Unity-Technologies / ml-agents

The Unity Machine Learning Agents Toolkit (ML-Agents) is an open-source project that enables games and simulations to serve as environments for training intelligent agents using deep reinforcement learning and imitation learning.
https://unity.com/products/machine-learning-agents
Other
16.98k stars 4.14k forks source link

Help on hyperparameters and setup #1271

Closed SestoAle closed 5 years ago

SestoAle commented 6 years ago

Hi,

I need a little help on understanding my problem. I'm making a little turn based rogue like game, but I want to proceed in small step in order to understand everything about DRL.

My game setup is this:

The game is made with Unity but I use the PPO algorithm of the tensorforce framework, I don't use the Unity algorithm because I need to use a CNN for my experiments and various type of algorithms.

In this moment I use these hyperparamters:

With this configuration the agent don't learn anything, is like a random agent. If i set the goal position to static (it spawns at the same position every episodes), the agent learn very quickly.

I tried also other types of net configurations, like only 2 Dense layers with different hidden units per layer (32, 64, 128 at each layer), and a lot of different hyperparameters, but the agent never learns.

I tried also the PPO algorithm of Unity but with the same results.

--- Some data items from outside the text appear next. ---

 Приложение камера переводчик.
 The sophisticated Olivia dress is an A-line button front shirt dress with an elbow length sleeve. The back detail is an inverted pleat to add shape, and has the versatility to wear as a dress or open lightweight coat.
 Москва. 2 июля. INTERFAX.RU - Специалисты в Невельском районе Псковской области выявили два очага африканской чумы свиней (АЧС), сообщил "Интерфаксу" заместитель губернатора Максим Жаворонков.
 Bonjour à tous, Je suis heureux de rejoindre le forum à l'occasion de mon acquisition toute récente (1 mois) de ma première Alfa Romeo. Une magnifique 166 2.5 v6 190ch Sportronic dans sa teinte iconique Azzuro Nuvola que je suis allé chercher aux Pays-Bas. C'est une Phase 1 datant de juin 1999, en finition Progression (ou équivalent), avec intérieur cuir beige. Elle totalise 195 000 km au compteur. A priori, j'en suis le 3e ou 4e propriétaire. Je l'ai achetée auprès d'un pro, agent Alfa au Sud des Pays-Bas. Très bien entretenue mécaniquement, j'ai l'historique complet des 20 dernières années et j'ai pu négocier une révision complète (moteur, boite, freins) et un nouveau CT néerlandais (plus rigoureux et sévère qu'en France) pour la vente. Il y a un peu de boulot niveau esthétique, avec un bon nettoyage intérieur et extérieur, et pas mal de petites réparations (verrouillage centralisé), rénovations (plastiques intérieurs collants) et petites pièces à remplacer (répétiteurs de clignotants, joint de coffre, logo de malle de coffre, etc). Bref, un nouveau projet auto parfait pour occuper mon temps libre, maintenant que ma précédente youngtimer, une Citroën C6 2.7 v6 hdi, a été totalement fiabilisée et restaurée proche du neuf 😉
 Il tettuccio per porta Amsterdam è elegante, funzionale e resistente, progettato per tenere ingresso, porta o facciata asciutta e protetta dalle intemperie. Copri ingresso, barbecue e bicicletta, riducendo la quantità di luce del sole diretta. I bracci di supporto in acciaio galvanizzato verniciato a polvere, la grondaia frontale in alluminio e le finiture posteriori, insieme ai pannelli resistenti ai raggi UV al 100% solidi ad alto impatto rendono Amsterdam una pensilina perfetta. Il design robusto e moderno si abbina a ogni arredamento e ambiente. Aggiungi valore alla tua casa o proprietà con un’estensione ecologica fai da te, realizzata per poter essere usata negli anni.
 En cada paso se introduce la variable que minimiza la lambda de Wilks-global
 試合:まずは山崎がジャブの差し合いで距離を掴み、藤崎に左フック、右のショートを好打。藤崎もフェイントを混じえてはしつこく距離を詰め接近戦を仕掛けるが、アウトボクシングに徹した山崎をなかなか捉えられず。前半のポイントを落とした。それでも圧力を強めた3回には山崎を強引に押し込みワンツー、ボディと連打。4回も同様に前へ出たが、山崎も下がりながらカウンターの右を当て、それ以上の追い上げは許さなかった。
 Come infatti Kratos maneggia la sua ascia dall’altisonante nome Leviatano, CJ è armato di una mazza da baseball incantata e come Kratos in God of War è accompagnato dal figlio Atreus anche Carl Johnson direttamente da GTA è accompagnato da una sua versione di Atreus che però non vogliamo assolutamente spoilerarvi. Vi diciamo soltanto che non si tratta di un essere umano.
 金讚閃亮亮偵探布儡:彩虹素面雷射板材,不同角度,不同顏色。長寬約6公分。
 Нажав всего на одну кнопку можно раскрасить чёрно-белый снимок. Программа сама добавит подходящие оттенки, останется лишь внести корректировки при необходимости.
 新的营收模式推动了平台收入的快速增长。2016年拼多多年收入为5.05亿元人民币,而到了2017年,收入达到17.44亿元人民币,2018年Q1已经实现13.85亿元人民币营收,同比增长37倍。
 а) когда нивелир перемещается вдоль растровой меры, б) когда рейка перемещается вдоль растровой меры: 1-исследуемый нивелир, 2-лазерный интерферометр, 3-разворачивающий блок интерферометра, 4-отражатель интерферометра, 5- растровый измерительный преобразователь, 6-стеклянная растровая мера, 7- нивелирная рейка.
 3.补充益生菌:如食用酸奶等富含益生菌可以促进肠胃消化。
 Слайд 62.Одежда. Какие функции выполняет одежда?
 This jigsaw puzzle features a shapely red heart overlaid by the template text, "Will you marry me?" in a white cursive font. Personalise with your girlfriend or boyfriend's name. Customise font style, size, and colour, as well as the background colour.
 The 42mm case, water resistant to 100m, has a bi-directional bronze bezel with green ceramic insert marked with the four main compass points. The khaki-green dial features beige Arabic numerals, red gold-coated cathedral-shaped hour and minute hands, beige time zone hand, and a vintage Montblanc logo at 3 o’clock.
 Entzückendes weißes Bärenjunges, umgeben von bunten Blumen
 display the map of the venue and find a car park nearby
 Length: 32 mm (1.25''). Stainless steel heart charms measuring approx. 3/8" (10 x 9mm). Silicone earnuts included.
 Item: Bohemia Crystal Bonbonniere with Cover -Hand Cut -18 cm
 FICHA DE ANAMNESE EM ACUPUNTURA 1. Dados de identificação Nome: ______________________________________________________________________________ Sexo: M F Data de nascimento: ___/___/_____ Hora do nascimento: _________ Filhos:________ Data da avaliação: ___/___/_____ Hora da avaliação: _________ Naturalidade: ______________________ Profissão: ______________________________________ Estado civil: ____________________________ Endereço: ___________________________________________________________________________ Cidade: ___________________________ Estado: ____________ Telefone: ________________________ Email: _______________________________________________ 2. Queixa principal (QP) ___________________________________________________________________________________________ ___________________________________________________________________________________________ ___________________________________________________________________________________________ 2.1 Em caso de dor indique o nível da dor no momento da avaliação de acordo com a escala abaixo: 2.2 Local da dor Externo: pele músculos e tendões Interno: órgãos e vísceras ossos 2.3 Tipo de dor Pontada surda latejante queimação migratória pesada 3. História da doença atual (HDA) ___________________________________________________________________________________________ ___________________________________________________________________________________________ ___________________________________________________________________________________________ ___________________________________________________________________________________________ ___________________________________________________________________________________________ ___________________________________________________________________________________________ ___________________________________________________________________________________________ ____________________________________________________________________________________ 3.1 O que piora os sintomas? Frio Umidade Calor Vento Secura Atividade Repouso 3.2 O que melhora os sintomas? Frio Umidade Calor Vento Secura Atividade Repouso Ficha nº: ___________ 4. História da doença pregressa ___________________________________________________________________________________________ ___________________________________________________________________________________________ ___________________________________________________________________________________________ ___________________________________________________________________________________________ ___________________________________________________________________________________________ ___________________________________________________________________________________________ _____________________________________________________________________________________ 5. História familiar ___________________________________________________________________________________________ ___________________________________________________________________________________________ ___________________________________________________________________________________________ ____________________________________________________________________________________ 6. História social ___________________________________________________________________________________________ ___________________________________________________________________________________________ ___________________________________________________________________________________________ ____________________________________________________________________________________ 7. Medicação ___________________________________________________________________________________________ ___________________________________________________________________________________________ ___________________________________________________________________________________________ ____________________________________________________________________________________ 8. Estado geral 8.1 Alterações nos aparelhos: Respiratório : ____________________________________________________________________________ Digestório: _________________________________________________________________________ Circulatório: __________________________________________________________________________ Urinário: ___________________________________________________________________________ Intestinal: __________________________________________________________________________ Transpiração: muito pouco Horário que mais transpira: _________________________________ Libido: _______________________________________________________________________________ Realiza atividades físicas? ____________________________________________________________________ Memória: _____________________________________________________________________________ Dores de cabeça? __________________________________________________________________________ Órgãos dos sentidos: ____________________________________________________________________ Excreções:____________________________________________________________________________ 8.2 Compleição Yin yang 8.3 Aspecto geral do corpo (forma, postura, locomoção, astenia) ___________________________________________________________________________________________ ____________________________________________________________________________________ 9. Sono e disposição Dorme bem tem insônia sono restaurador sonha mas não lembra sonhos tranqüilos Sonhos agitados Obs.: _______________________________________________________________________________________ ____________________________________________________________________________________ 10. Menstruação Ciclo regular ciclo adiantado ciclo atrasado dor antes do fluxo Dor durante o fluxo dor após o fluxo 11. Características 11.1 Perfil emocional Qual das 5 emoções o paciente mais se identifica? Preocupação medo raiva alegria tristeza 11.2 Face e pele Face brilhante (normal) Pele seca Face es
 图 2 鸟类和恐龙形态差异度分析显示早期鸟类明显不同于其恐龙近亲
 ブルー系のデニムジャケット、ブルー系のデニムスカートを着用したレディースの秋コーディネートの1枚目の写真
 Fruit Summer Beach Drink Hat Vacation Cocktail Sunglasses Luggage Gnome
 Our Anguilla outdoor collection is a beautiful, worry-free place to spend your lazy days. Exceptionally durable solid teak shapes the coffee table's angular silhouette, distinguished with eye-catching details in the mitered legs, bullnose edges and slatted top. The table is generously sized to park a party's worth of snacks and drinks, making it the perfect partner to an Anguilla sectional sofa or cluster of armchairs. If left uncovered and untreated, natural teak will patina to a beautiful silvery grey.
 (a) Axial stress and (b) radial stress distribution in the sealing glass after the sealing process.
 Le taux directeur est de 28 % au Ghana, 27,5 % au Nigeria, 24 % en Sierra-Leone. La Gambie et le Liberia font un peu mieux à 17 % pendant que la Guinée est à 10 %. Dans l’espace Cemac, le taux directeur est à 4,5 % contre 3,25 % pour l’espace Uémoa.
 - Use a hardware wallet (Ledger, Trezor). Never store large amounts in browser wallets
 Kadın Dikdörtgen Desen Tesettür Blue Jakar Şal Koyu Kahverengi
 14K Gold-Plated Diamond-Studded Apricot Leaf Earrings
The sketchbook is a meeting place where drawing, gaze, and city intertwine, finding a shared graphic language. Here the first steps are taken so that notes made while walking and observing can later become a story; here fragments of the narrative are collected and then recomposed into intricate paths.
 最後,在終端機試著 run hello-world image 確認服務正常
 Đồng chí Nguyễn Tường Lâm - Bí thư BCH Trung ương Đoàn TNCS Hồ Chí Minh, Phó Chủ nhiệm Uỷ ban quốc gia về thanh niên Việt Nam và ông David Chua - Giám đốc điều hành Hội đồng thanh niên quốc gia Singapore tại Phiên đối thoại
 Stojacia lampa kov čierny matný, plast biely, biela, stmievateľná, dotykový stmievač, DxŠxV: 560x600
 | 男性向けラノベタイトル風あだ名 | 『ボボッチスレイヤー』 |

I think that the agent should be able to learn this simple objective, and I am really frustrated by now, so I need some helps: in your experiences, is there anything really wrong with my set-up?

Thank you

xiaomaogy commented 6 years ago

Hi @SestoAle, maybe try to limit the goal position space (like limit it to only 4 four possible positions instead of being static), and see if it can still learn.

SestoAle commented 5 years ago

So, I tried to limit the goal and the agent can't learn. I thought that the observation wasn't well defined (the 8x8 int matrix) and so I added an Embedding layer with size 3.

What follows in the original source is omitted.